(Cross-posted on the Century Foundations’s Taking Note).
David Goldstein reported this last year,
Black voters were pivotal to McCaskill’s Senate victory in 2006 over former Republican Sen. Jim Talent. She won 91 percent of African-American votes.
More importantly, the black share of the overall voter turnout in Missouri rose to 13 percent in 2006, up from 8 percent two years before…
That was an important victory, in no small part because Missouri’s African-American community needs some serious help. Indeed, the African-American jobless rate in greater Saint Louis was ranked third-worse among the nation’s top fifty metropolitan areas.
So it’s especially disappointing to hear (via Daniel Strauss at the Hill) that Senator McCaskill has come out against the extension of UI benefits. Her stance will hurt the American economy. It will hurt the Democratic Party. Most important, it will hurt her own core supporters, many of whom must wonder why they turned out in force to help her win a close election five years ago.
Many conservative and moderate Democrats are trying to court swing voters by neglecting the human pain being experienced among poor people and among working-class Americans who are enduring economic catastrophe. I believe this is bad politics. It is also disgraceful. This stance will only mar Senator McCaskill’s own mixed political legacy.
Unemployment benefits have already been extended to 99 weeks. That’s almost two freaking years! If somebody can’t find a job in TWO FREAKING YEARS, either they’re unemployable, or they’re not trying to get a job. In either case, a program designed to cushion the transition from one job to the next is not appropriate.
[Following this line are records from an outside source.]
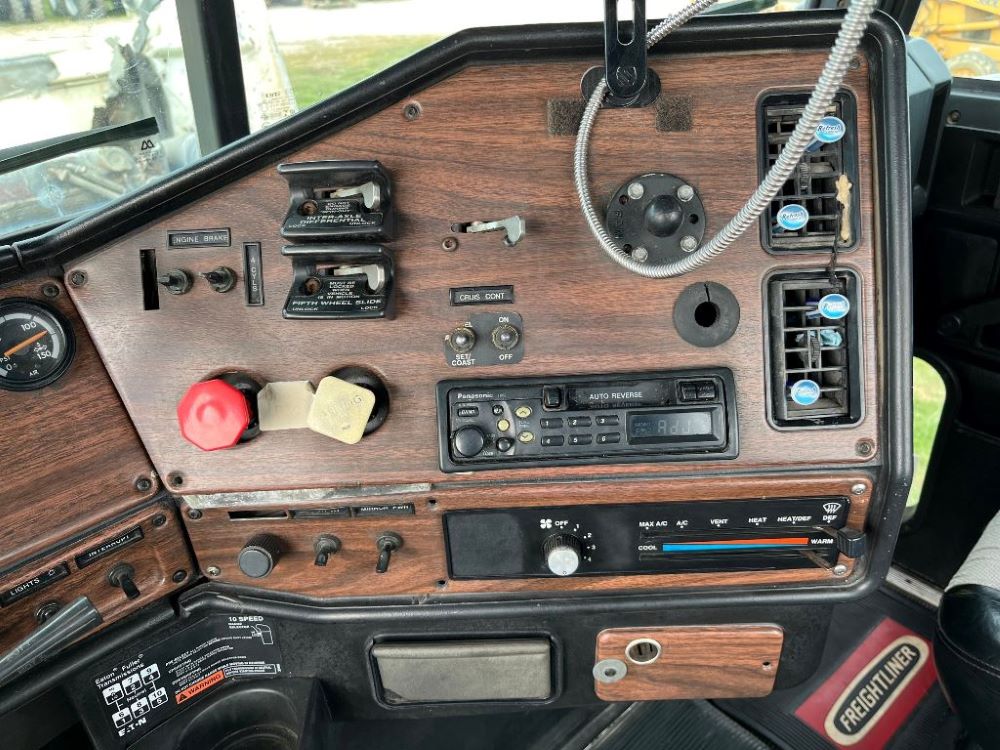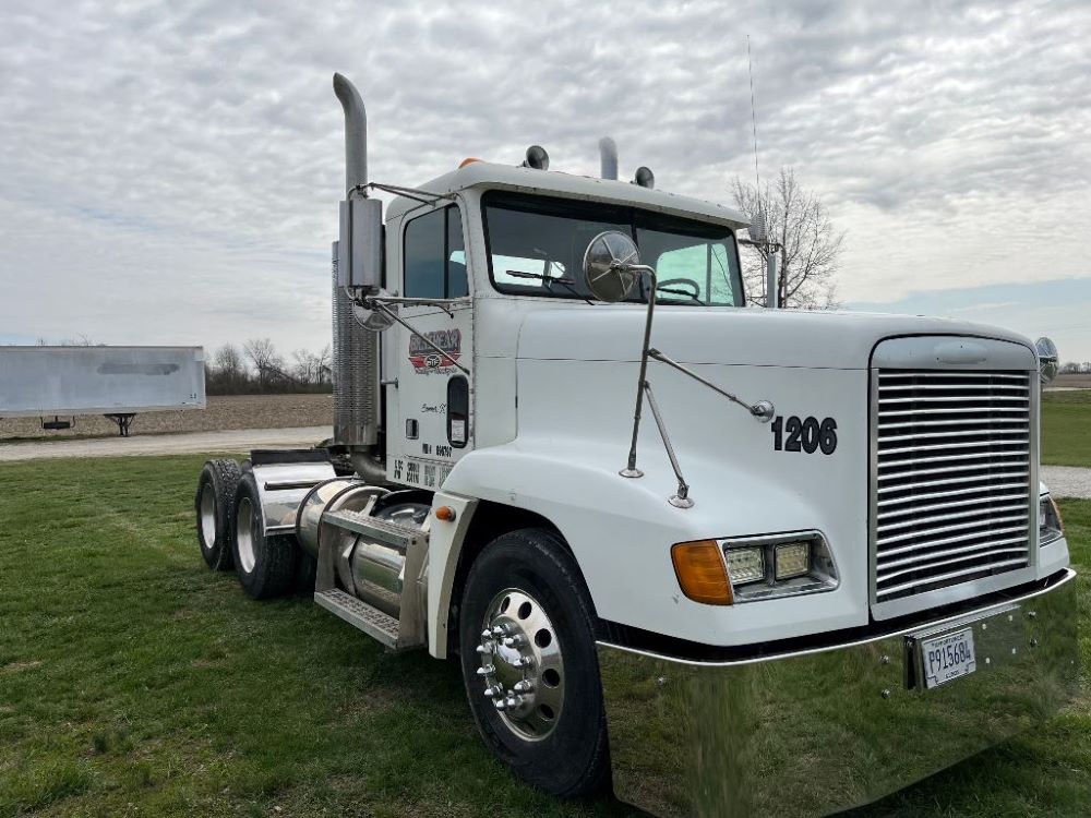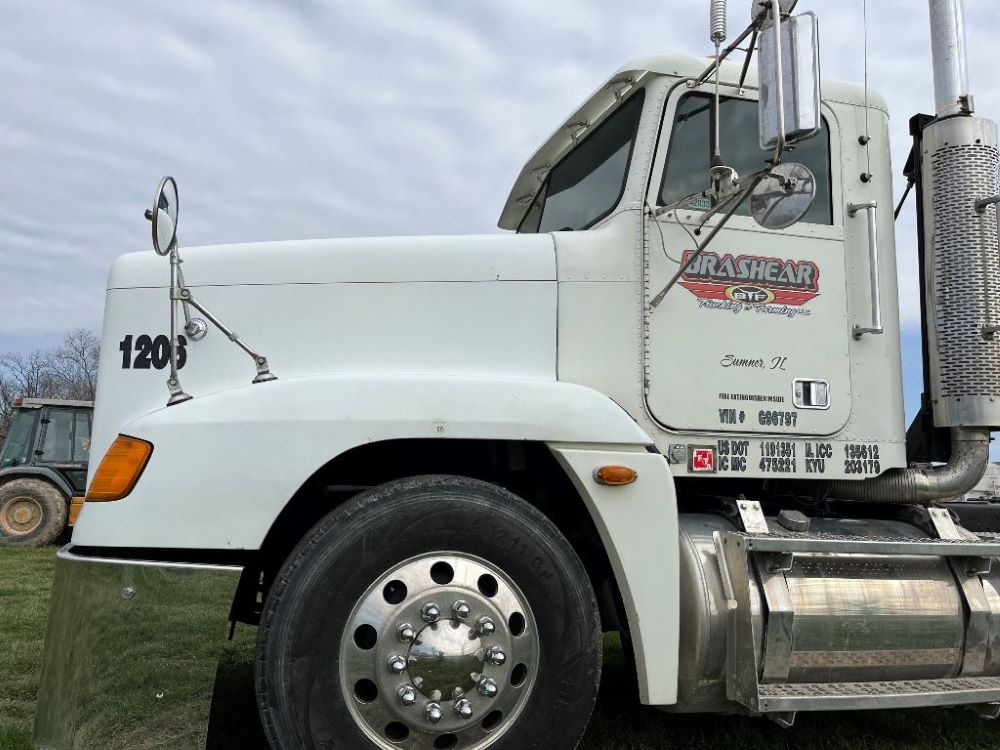2001 Freightliner FLD120 Day Cab Truck (DB0142), 12.7 Detroit engine, 10 speed Eaton Fuller transmission, heat, air, AM/FM, air ride, air brakes, 5th wheel, 2 hydraulic line wet kit, dual fuel tanks, show 77,942 miles.
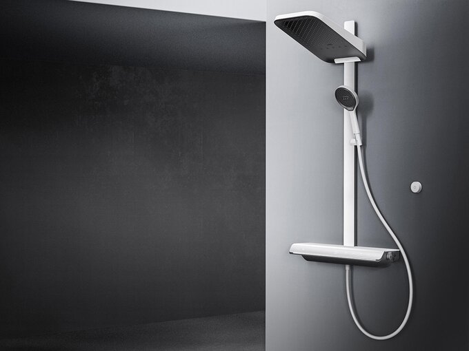 The shower set impresses with its clear, massive shapes and two-tone design that highlights functional areas. Particularly noteworthy is the intuitive touch panel with illuminated symbols, enhancing the user experience. The integrated "Hot Water Circulation Mode" allows precise temperature settings, ensuring a comfortable shower experience.
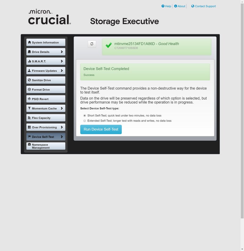 There's also a self-test function which can be useful if you are afraid something's wrong with your SSD.
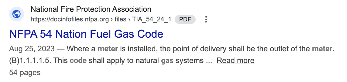 Most all the plumbing/ mechanical code books refer to the NFPA 54 as their code, or a modification of it.
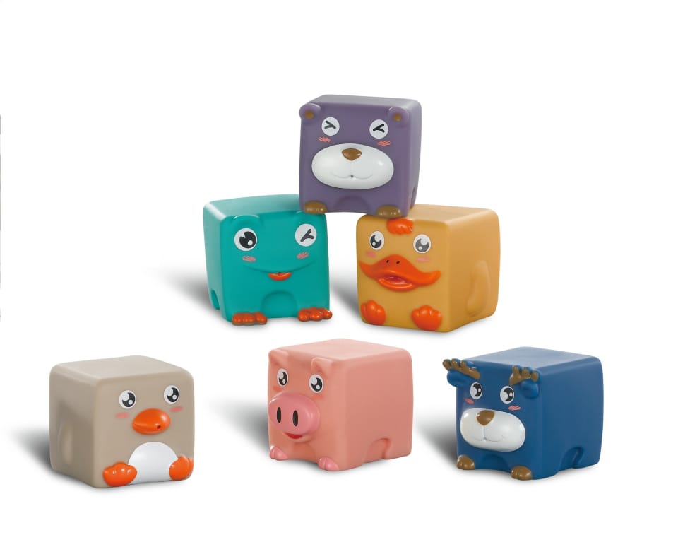 WOOPIE Układanka Klocki Sensoryczne zaciekawią każdego malucha. Dzięki ciekawym kształtom, kolorom i możliwości wydawania dźwięku przy ściśnięciu doskonale stymulują rozwój koordynacji wzrokowo-słuchowej, motorycznej dziecka oraz zmysłu dotyku. Klocki posiadają wypukłe kształty z wizerunkami zwierząt. Klocki są miękkie i przyjemne w dotyku oraz wydają dźwięki podczas ściskania. Dzięki swojej budowie sprawdzą się również doskonale jako gryzak. Przez wizerunki zwierząt dziecko może zapoznać się ze światem przyrody. Produkt w pięknej stonowanej kolorystyce przeznaczony dla dzieci od 12 miesiąca życia.

Really, what’s the end game here? Transforming unemployment benefits into a return of pre-reform welfare?
Unemployment benefits have already been extended to 99 weeks. That’s almost two freaking years! If somebody can’t find a job in TWO FREAKING YEARS, either they’re unemployable, or they’re not trying to get a job.
Right. Given the vibrant state of the economy there is no excuse for remaining unemployed for two years. Let ’em starve.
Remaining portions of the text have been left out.